Segmental Duplication

Because identification of a segment is simple and the beginning and endpoint of a segment is limited to an input node and an output node, inserting the duplicated segment is also straightforward. The identified segment is already a valid path in the neural network so duplicating it and inserting it between the same input and output nodes does not destroy the genome, but it does modify a substantial portion of the genome’s genetic code. This enhanced rate of growth does not significantly increase complexity as it relies on the original NEAT methods for topological growth and cannot evolve any structure that NEAT could not. It simply causes generational leaps to happen faster. In fact, no segmental duplications can occur without original NEAT node mutations. The initial genomes contain only input and output nodes and because, by definition, a segment cannot contain an input and output node.

Figure 1: Segmental Duplication. In Genome One at the top of this diagram, a segment has been identified.

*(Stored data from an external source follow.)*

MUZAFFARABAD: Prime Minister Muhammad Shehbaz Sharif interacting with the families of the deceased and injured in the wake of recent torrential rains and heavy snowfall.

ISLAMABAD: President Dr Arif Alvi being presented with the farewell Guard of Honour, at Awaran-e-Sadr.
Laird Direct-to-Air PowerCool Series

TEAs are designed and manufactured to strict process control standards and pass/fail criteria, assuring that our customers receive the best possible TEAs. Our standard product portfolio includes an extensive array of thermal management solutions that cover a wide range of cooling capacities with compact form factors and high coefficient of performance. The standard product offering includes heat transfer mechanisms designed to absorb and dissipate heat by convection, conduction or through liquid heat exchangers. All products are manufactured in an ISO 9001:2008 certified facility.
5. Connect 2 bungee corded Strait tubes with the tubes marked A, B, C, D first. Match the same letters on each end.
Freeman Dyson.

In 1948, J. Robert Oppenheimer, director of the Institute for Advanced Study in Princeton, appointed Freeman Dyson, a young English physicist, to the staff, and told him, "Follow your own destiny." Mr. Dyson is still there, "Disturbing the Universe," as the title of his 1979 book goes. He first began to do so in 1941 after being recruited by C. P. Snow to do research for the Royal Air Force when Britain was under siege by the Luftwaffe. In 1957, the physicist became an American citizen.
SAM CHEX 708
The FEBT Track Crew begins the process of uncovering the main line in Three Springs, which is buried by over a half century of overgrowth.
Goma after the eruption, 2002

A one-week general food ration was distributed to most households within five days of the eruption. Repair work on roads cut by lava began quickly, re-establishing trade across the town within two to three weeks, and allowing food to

The nodes with solid circles are added to S_n and the highlighted links connecting the nodes with broken circles surrounding them are added to L_m. This segment is then duplicated and new innovation numbers are created for all the components, the node identifiers are properly incremented and the links are adjusted to connect to the new nodes. These nodes and links are then appended to Genome One and the new phenome is displayed at bottom right.

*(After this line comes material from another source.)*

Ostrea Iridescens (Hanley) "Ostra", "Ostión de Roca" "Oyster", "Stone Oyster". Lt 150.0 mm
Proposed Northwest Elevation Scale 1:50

The historical markings or innovation numbers are an important aspect of NEAT. When SDNEAT inserts a new segmental duplication, it is creating a copy of active genes. In SDNEAT, all segmental duplications are treated as new innovations. In the original NEAT algorithm, if a node mutation occurs which disables a link, then later that link is re-enabled and an equivalent node mutation occurs on the same link the innovation list identifies this as an old innovation. Although the innovation list has identified it as an old innovation, NEAT considers it to be a new innovation and has the innovation list assign it a new innovation number. This is the base case of a segmental duplication, and consequently all segmental duplications are treated as new innovations.

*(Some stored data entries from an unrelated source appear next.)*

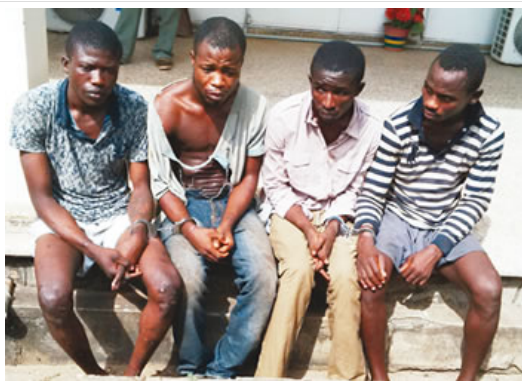
The alleged robbers.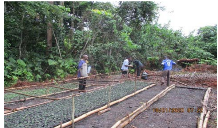
National forest monitoring and province-level REDD+ pilot implementation in DR Congo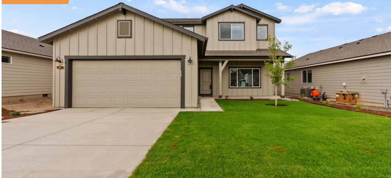
V - FARMHOUSE, 2 CAR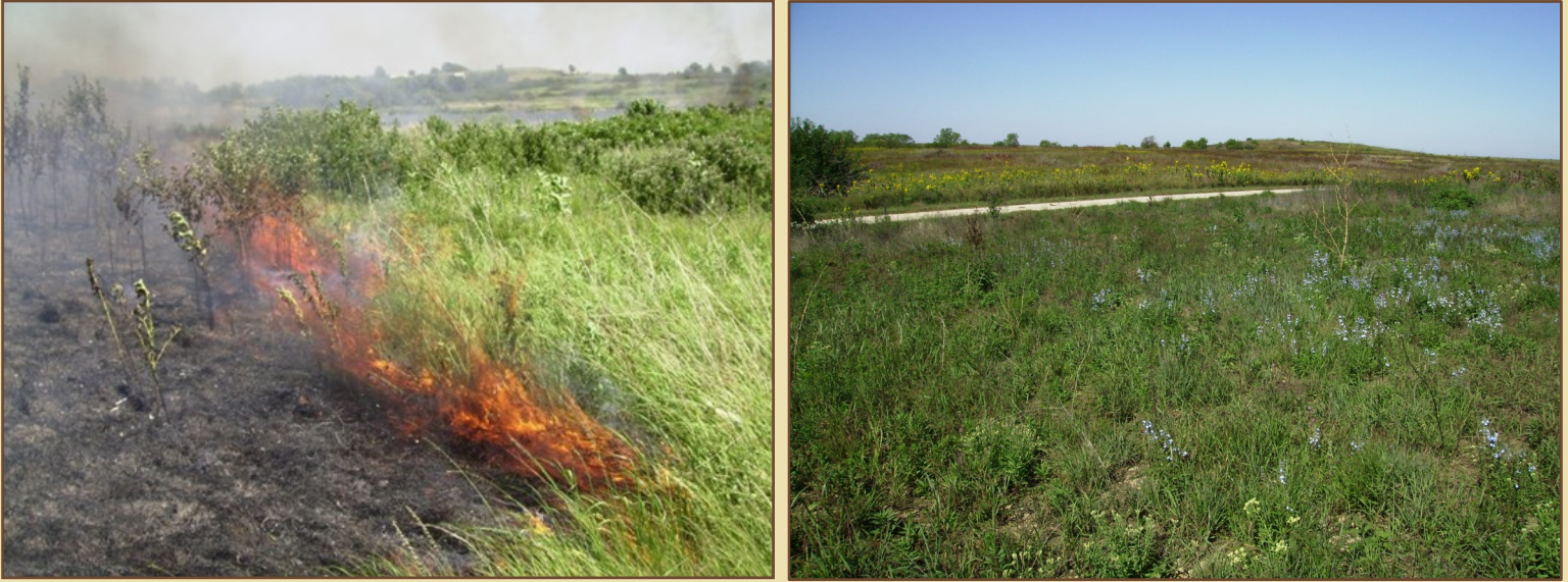
Figure 1. Summer burn conducted mid-July and regrowth 2 months after burn.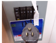
Interior plug for breaker box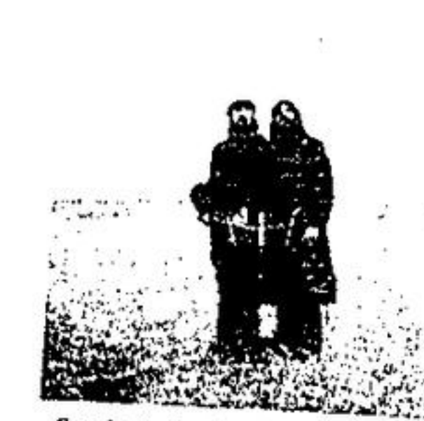
Seals & Crofts' Greatest Hits with We May Never Pass This Way Again, King Of Nothing, Summer Breeze and more!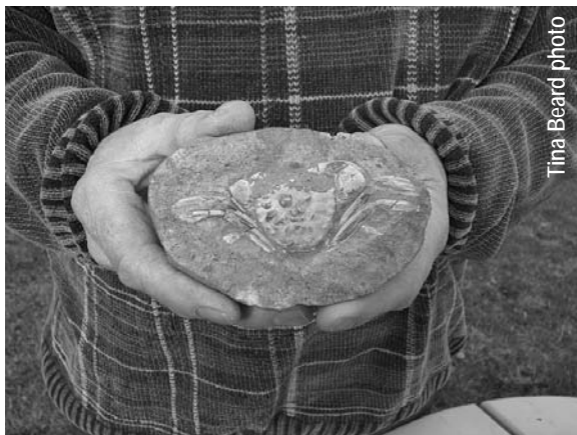
Fossil crab from Shelter Point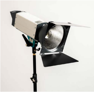
Used Visatec Solo 3200/1600 B - 2 head kit - Sale $450 Reg. $850

To identify a segment, the SDNEAT algorithm first randomly selects an input node from the genomes set of input nodes. Then the algorithm attempts to find a path to an output node, randomly chooses an output link from its current node and, if the output link is not recurrent, the algorithm follows that link to the next node and repeats the previous steps. Each time the algorithm steps to a new node it copies the link and node to its arrays for duplication. If a step from an input node arrives at an output node of the neural network, a new input node is randomly chosen and the algorithm starts again, as by definition a segmental duplication cannot consist of one link. If the algorithm finds an output node, it has found a valid segment. The algorithm duplicates the valid segment by creating new innovations for each link and node in the segment’s link and node arrays. The weights from the original nodes and links are duplicated but the innovation numbers are updated. The segment’s weights are then mutated at a higher than average mutation rate. Once mutation of the segment is complete the new links and nodes are appended to the genome being mutated.

SDNEAT maintains the efficiencies and capabilities of NEAT, including all operations and speciation, but it introduces a new operator: the segmental duplication mutation. This new operator can drastically mutate an existing genome without affecting the capabilities of the existing NEAT algorithm. This drastic mutation has the potential to broaden the search area of NEAT to include elements that would not otherwise be searched for several generations. This mimics the genetic behaviour recently identified in the human genome. In order to evaluate this new algorithm and its ability to evolve an efficient neural network controller that can learn to effectively operate an autonomous agent in multiple different dynamic environments, a neuroevolutionary simulation system must be built.